31 920 Vergunningverlening natuur- en milieuwetgeving

Nr. 16 BRIEF VAN DE STAATSSECRETARIS VAN ECONOMISCHE ZAKEN, LANDBOUW EN INNOVATIE

Aan de Voorzitter van de Tweede Kamer der Staten-Generaal

Den Haag, 14 december 2011

Met deze brief informeer ik uw Kamer, mede namens de minister en de staatssecretaris van Veiligheid en Justitie, over de mogelijkheden om natuur- en milieuorganisaties, die door een Nederlandse rechter zijn veroordeeld voor een strafbaar feit, uit te sluiten van overheidssubsidies en bijdragen van loterijen. In het VAO Eemshaven heb ik uw Kamer deze brief toegezegd naar aanleiding van de aangehouden motie van de leden Leegte en Aptroot (Kamerstuk 31 920, nr. 9).

Allereerst wil ik aangeven dat natuur- en milieuorganisaties in Nederland zelden worden aangeklaagd en veroordeeld voor strafbare feiten.

De Rijksoverheid verleent al enkele jaren geen structurele subsidies meer aan natuur- en milieuorganisaties. De Wet milieubeheer en de Kaderwet LNV-subsidies bieden een grondslag om subsidie te verlenen voor projecten die bijdragen aan nationaal of internationaal milieubeleid en duurzame ontwikkeling, respectievelijk natuurbeleid. Een dergelijke subsidieaanvraag wordt op zijn merites beoordeeld. Ook kan de aanvraag worden geweigerd indien een gegronde reden bestaat om aan te nemen dat de aanvrager niet zal voldoen aan de in de specifieke subsidieregeling, dan wel in de individuele subsidiebeschikking opgenomen verplichtingen (artikel 4:35 van de Algemene wet bestuursrecht).

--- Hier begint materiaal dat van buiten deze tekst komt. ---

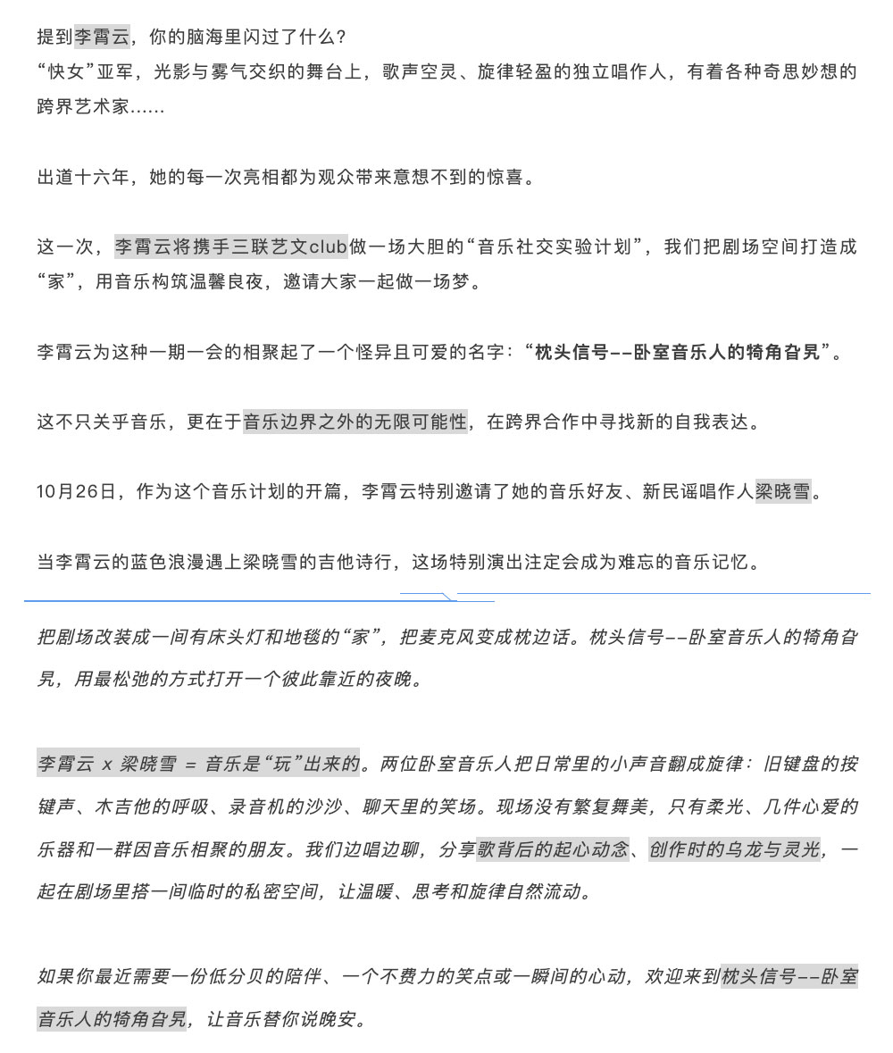 【北京】李霄云 x 梁晓雪【枕头信号】— 卧室音乐人的犄角旮旯—生活实验剧场

Deze verplichtingen kunnen ook inhouden dat de aanvrager zich bij uitvoering van de gesubsidieerde activiteiten aan de geldende wet- en regelgeving houdt.

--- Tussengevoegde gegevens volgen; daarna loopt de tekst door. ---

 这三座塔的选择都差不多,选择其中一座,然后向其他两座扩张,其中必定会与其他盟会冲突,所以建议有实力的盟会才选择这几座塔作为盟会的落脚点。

Op grond van de Wet bevordering integriteitsbeoordelingen door het openbaar bestuur (hierna: Wet Bibob) kunnen bestuursorganen een aangevraagde subsidie weigeren dan wel een verleende subsidie intrekken, indien sprake is van criminele antecedenten of als sprake is van het witwassen van gelden afkomstig uit strafbare feiten (artikel 3 Wet Bibob). Deze bevoegdheid moet wel in de desbetreffende subsidieregeling zijn opgenomen. Alvorens een subsidie te weigeren of in te trekken kan advies worden gevraagd aan het Bureau bevordering integriteitsbeoordelingen openbaar bestuur, dat onder de minister van Veiligheid en Justitie ressorteert (artikel 6 Wet Bibob).

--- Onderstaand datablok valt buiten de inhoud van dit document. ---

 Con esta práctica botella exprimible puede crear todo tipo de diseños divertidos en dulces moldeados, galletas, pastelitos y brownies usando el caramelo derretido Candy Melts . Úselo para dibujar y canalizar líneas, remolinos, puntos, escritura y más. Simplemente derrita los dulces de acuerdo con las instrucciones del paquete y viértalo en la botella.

Volgens artikel 3 van de Wet op de kansspelen kan de staatssecretaris van Veiligheid en Justitie een vergunning voor een loterij verlenen, indien met de opbrengst daarvan een algemeen belang wordt gediend. In de praktijk zijn vier vergunningen verleend voor loterijen met een semi-permanent karakter. In beginsel is het aan de vergunninghouders zelf om te bepalen aan welke maatschappelijke sectoren of organisaties zij fondsen willen afdragen. Dit heeft zijn weerslag gekregen in de verleende vergunningen en de op grond daarvan vastgestelde reglementen. Het huidige wettelijke kader biedt echter nagenoeg geen aanknopingspunten om organisaties die zijn veroordeeld voor een strafbaar feit uit te sluiten van bijdragen uit loterijgelden.

Bij de herinrichting van het loterijstelsel die in de brief van 19 maart jl.1 is aangekondigd, zal door de staatssecretaris van Veiligheid en Justitie worden bezien of het wenselijk is deze mogelijkheid in de regelgeving op te nemen.

De staatssecretaris van Economische Zaken, Landbouw en Innovatie,

H. Bleker


X Noot
1

Tweede Kamer, vergaderjaar 2010–2011, 24 557, nr. 124.